Data items:
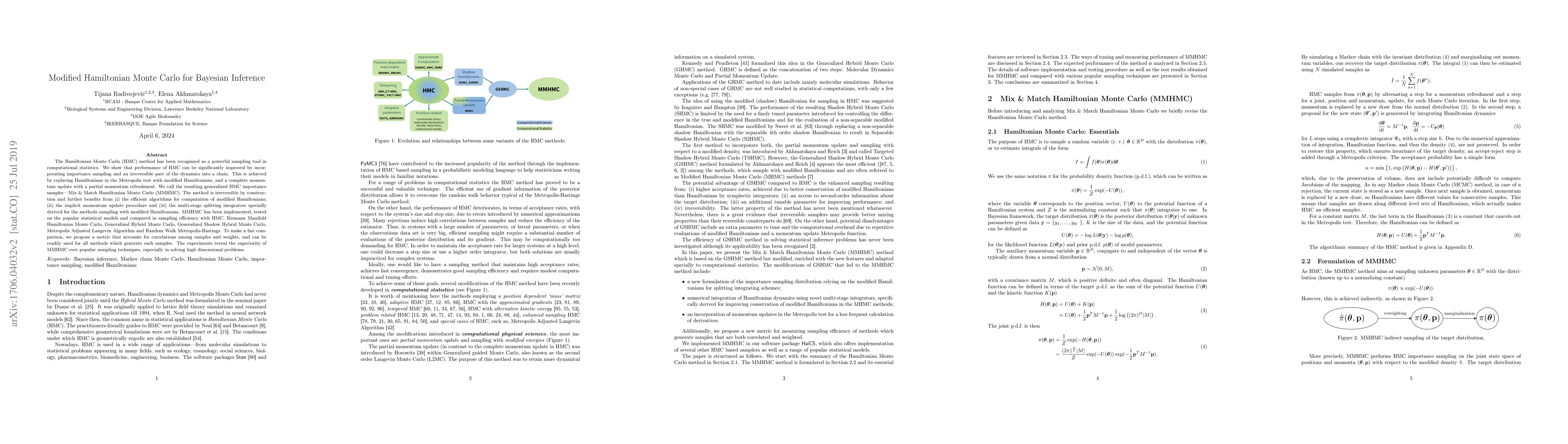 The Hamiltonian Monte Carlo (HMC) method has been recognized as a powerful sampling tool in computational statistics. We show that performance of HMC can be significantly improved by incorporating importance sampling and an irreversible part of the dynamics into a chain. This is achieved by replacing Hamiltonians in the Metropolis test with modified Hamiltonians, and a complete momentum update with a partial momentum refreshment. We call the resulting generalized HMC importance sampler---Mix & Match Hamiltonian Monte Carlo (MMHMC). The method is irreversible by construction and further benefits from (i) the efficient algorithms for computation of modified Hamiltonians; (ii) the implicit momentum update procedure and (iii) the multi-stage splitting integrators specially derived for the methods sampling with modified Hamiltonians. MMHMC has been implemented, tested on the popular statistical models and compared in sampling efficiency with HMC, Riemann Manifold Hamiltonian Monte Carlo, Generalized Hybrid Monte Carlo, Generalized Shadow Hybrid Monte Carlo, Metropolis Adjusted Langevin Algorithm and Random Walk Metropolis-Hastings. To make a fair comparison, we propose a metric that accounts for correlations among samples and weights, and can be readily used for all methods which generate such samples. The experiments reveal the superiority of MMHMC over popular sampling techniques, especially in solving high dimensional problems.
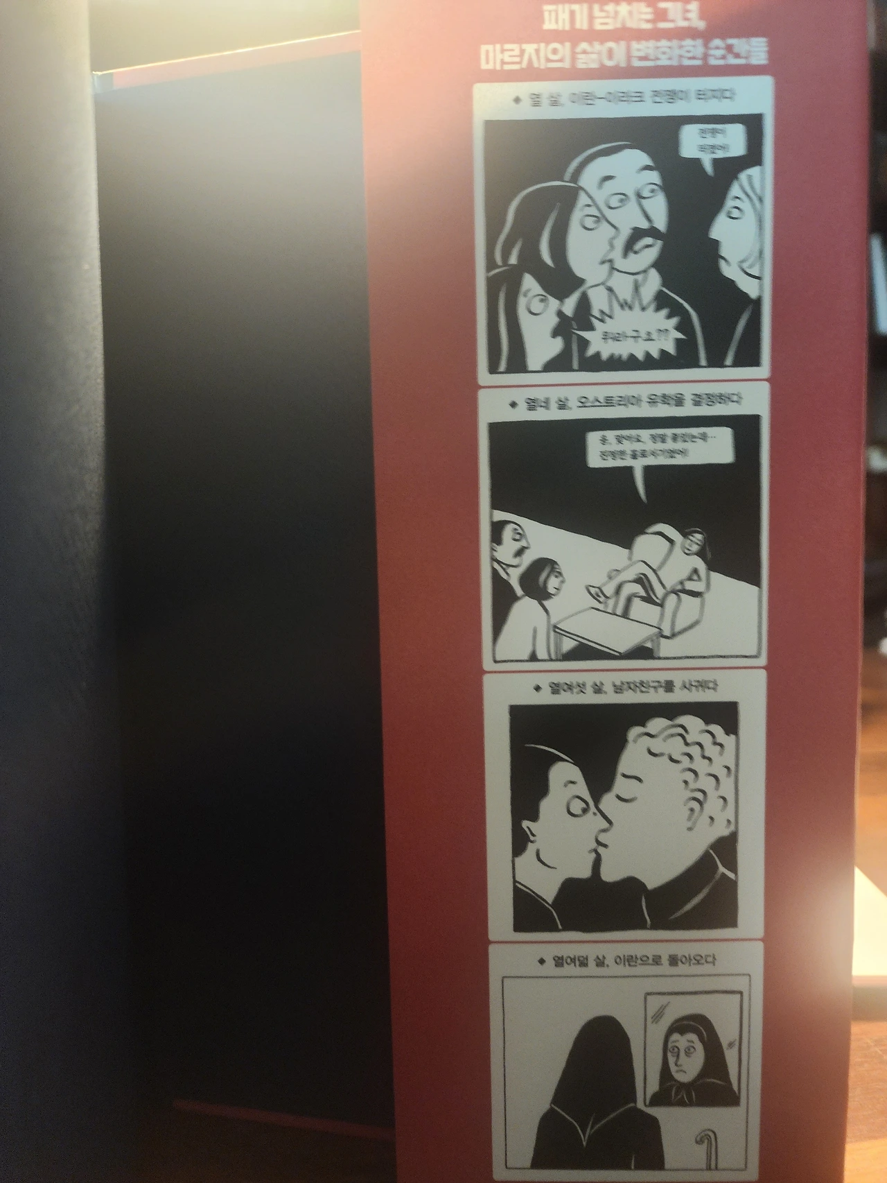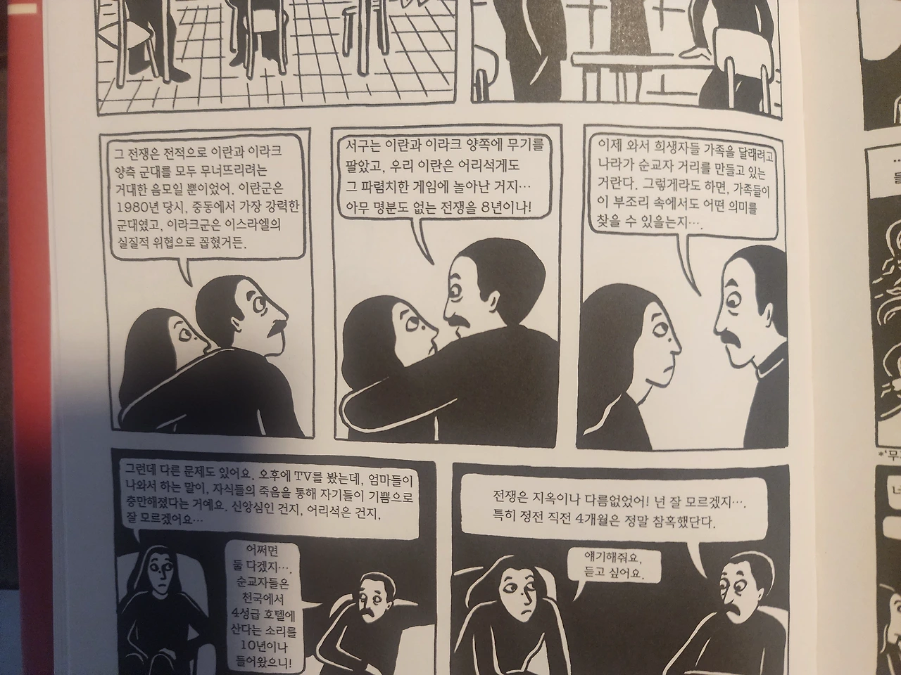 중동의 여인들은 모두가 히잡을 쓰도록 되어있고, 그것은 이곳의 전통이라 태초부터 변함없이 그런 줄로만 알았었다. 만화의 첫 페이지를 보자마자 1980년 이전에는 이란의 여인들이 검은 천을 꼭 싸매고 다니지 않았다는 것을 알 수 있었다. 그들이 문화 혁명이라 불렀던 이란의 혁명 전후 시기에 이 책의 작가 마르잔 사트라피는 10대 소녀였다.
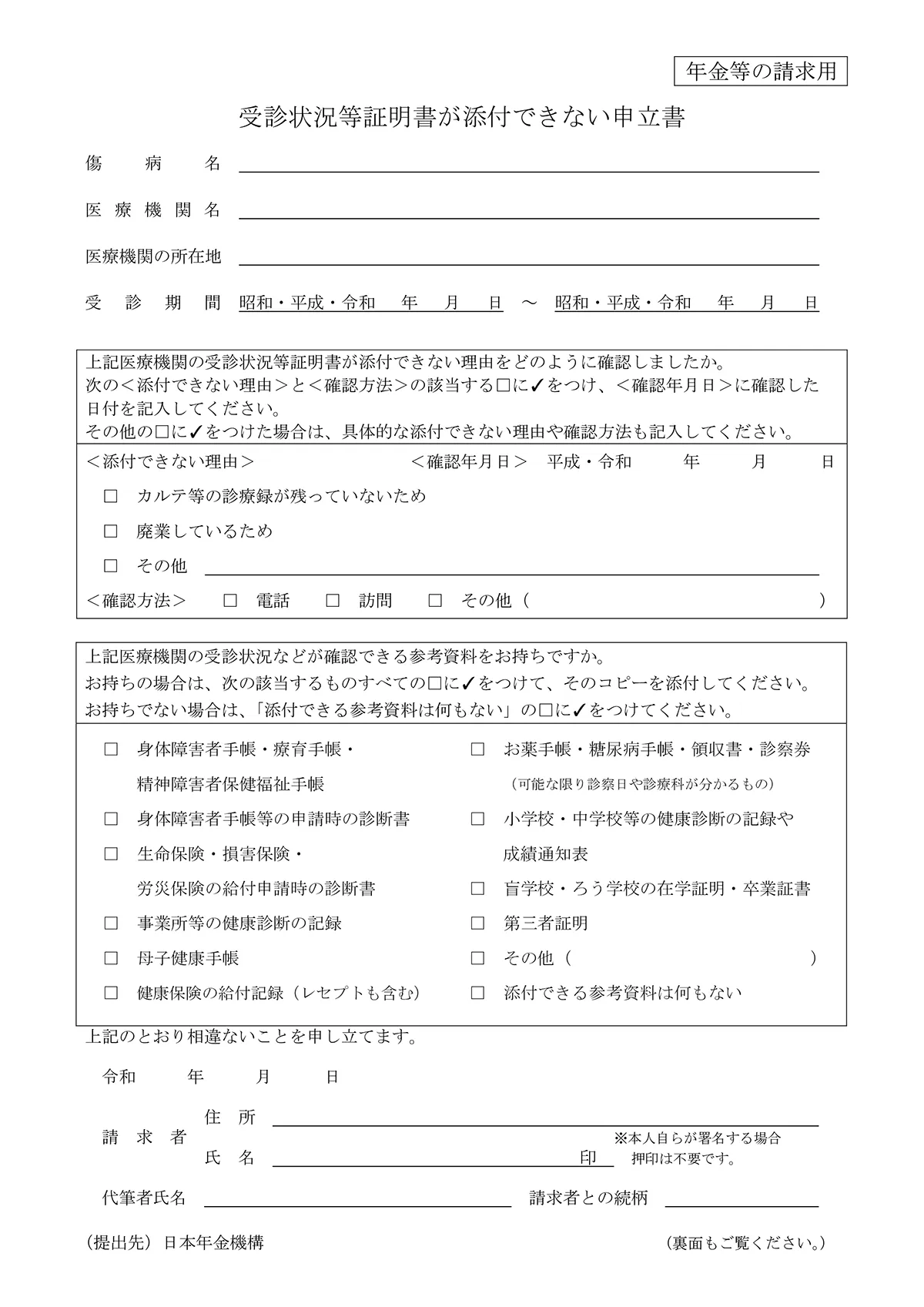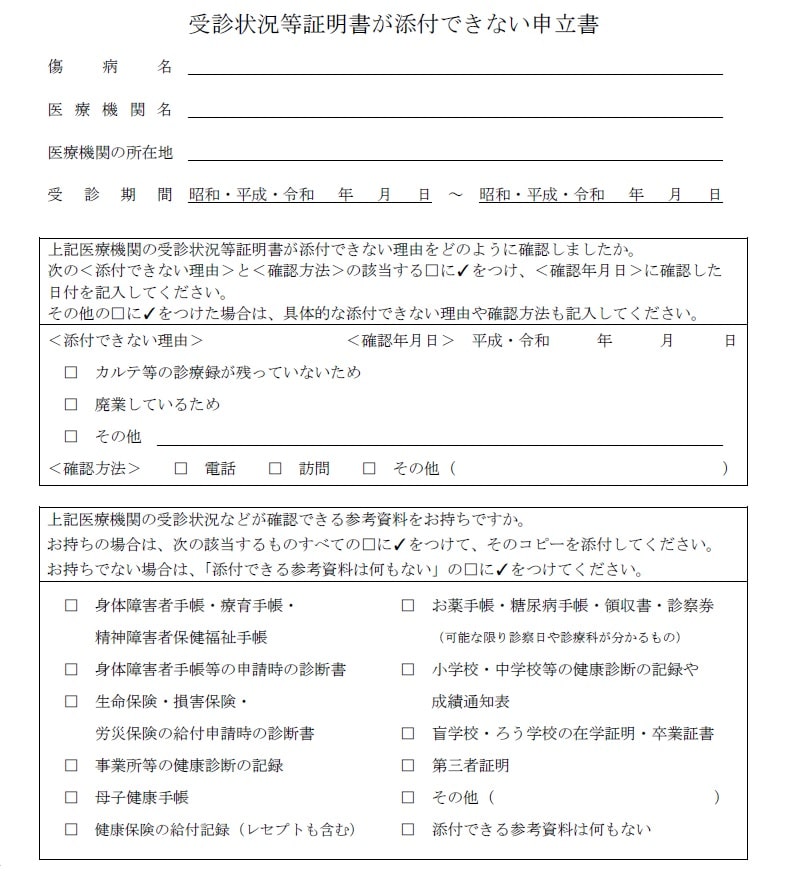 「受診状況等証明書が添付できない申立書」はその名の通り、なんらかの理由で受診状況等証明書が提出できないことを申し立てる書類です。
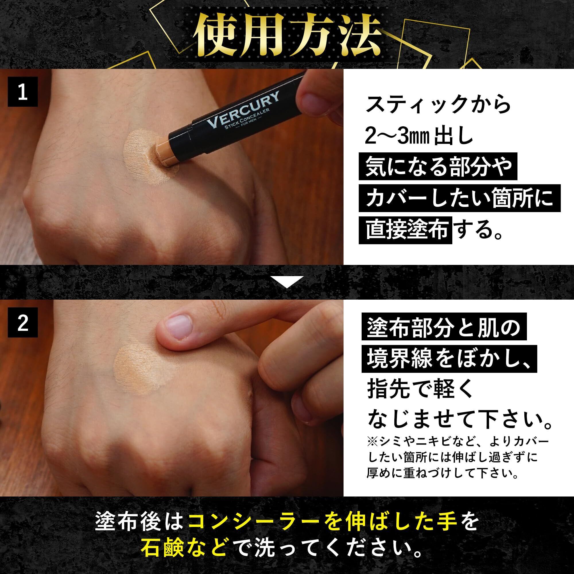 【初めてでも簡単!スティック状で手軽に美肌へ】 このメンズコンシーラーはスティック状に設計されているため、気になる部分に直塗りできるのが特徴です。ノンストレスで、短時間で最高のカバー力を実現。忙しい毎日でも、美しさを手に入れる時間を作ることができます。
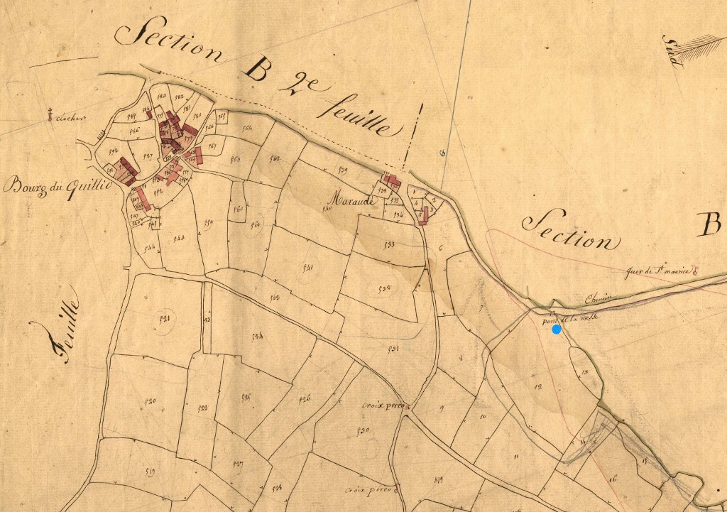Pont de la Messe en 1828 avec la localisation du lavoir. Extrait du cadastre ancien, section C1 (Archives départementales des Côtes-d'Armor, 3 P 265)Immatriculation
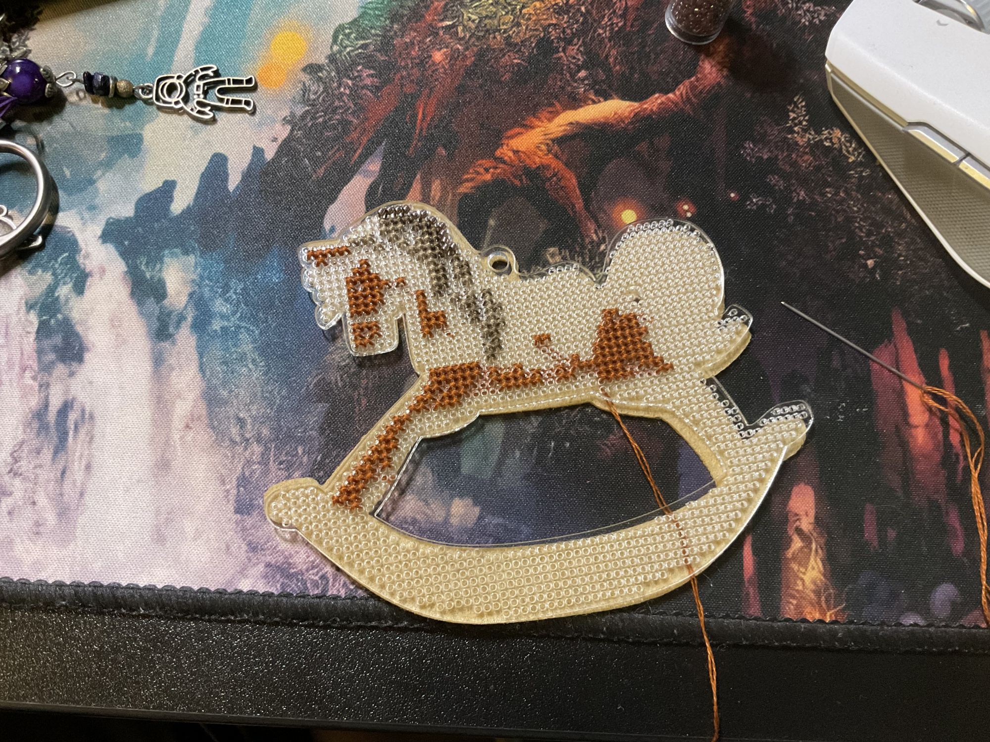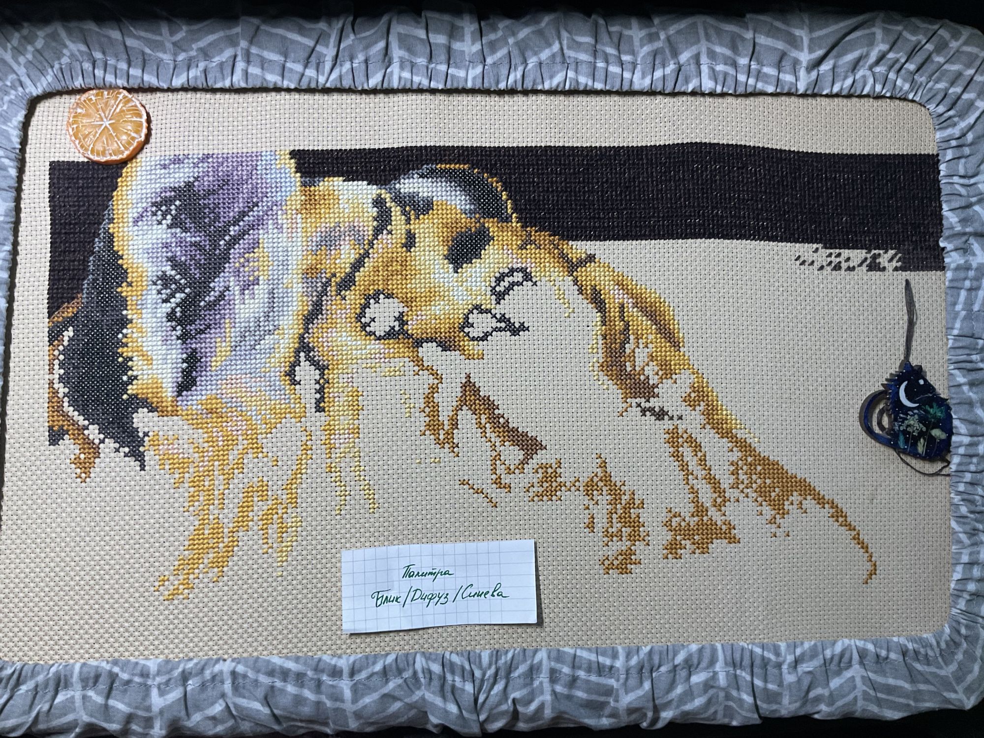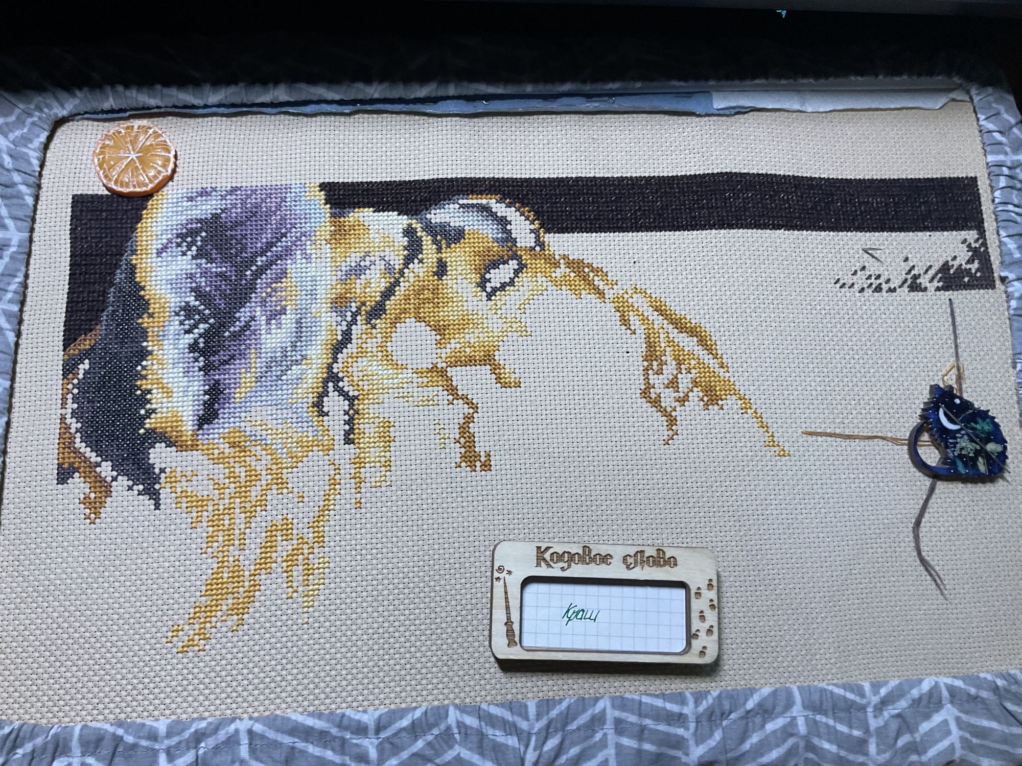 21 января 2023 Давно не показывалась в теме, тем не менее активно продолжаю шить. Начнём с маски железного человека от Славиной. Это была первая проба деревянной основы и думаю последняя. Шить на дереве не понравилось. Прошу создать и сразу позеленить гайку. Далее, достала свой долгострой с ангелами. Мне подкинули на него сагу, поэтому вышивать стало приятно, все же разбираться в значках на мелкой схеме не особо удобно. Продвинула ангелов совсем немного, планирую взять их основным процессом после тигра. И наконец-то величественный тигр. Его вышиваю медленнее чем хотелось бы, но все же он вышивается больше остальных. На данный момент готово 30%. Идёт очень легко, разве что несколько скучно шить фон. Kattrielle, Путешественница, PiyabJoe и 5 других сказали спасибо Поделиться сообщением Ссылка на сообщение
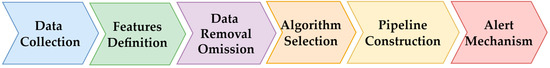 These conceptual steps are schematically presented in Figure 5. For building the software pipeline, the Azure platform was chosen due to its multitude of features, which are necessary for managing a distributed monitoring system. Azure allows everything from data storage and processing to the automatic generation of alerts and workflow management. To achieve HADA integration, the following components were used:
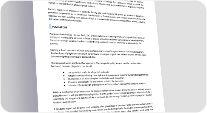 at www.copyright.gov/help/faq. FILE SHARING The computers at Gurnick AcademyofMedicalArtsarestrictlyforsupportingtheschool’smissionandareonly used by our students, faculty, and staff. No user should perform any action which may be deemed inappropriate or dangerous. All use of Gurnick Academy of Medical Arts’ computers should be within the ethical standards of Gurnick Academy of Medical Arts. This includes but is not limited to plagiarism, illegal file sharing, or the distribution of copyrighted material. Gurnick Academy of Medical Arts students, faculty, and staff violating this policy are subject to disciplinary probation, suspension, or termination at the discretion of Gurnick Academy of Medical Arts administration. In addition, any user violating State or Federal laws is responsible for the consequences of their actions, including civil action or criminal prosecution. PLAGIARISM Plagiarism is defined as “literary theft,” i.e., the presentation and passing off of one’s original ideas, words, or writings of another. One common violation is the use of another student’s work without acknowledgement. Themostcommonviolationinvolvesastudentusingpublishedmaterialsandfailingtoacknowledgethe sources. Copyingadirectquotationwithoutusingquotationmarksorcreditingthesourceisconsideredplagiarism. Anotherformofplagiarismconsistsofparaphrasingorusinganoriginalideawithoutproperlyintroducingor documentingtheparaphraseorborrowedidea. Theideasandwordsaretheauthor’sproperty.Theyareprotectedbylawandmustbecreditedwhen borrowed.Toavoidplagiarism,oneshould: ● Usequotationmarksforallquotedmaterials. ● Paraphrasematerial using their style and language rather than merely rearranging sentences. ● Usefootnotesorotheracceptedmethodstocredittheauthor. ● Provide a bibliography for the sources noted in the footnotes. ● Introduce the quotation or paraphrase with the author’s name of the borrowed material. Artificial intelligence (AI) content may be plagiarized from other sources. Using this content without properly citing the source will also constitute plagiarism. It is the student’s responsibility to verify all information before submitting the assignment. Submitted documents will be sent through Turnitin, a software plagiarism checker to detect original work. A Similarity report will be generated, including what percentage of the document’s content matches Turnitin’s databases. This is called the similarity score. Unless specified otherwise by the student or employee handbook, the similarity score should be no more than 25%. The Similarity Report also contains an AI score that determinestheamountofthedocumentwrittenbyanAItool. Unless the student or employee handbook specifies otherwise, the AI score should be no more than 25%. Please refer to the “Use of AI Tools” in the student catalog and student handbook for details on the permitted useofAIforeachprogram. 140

Problem to solve: Reproduce the lines above beginning at the line that contains "중동의 여인들은 모두가" and ending at the line that contains "21 января 2023". No pictures.

Solution for this task:
 중동의 여인들은 모두가 히잡을 쓰도록 되어있고, 그것은 이곳의 전통이라 태초부터 변함없이 그런 줄로만 알았었다. 만화의 첫 페이지를 보자마자 1980년 이전에는 이란의 여인들이 검은 천을 꼭 싸매고 다니지 않았다는 것을 알 수 있었다. 그들이 문화 혁명이라 불렀던 이란의 혁명 전후 시기에 이 책의 작가 마르잔 사트라피는 10대 소녀였다.
 「受診状況等証明書が添付できない申立書」はその名の通り、なんらかの理由で受診状況等証明書が提出できないことを申し立てる書類です。
 【初めてでも簡単!スティック状で手軽に美肌へ】 このメンズコンシーラーはスティック状に設計されているため、気になる部分に直塗りできるのが特徴です。ノンストレスで、短時間で最高のカバー力を実現。忙しい毎日でも、美しさを手に入れる時間を作ることができます。
Pont de la Messe en 1828 avec la localisation du lavoir. Extrait du cadastre ancien, section C1 (Archives départementales des Côtes-d'Armor, 3 P 265)Immatriculation
 21 января 2023 Давно не показывалась в теме, тем не менее активно продолжаю шить. Начнём с маски железного человека от Славиной. Это была первая проба деревянной основы и думаю последняя. Шить на дереве не понравилось. Прошу создать и сразу позеленить гайку. Далее, достала свой долгострой с ангелами. Мне подкинули на него сагу, поэтому вышивать стало приятно, все же разбираться в значках на мелкой схеме не особо удобно. Продвинула ангелов совсем немного, планирую взять их основным процессом после тигра. И наконец-то величественный тигр. Его вышиваю медленнее чем хотелось бы, но все же он вышивается больше остальных. На данный момент готово 30%. Идёт очень легко, разве что несколько скучно шить фон. Kattrielle, Путешественница, PiyabJoe и 5 других сказали спасибо Поделиться сообщением Ссылка на сообщение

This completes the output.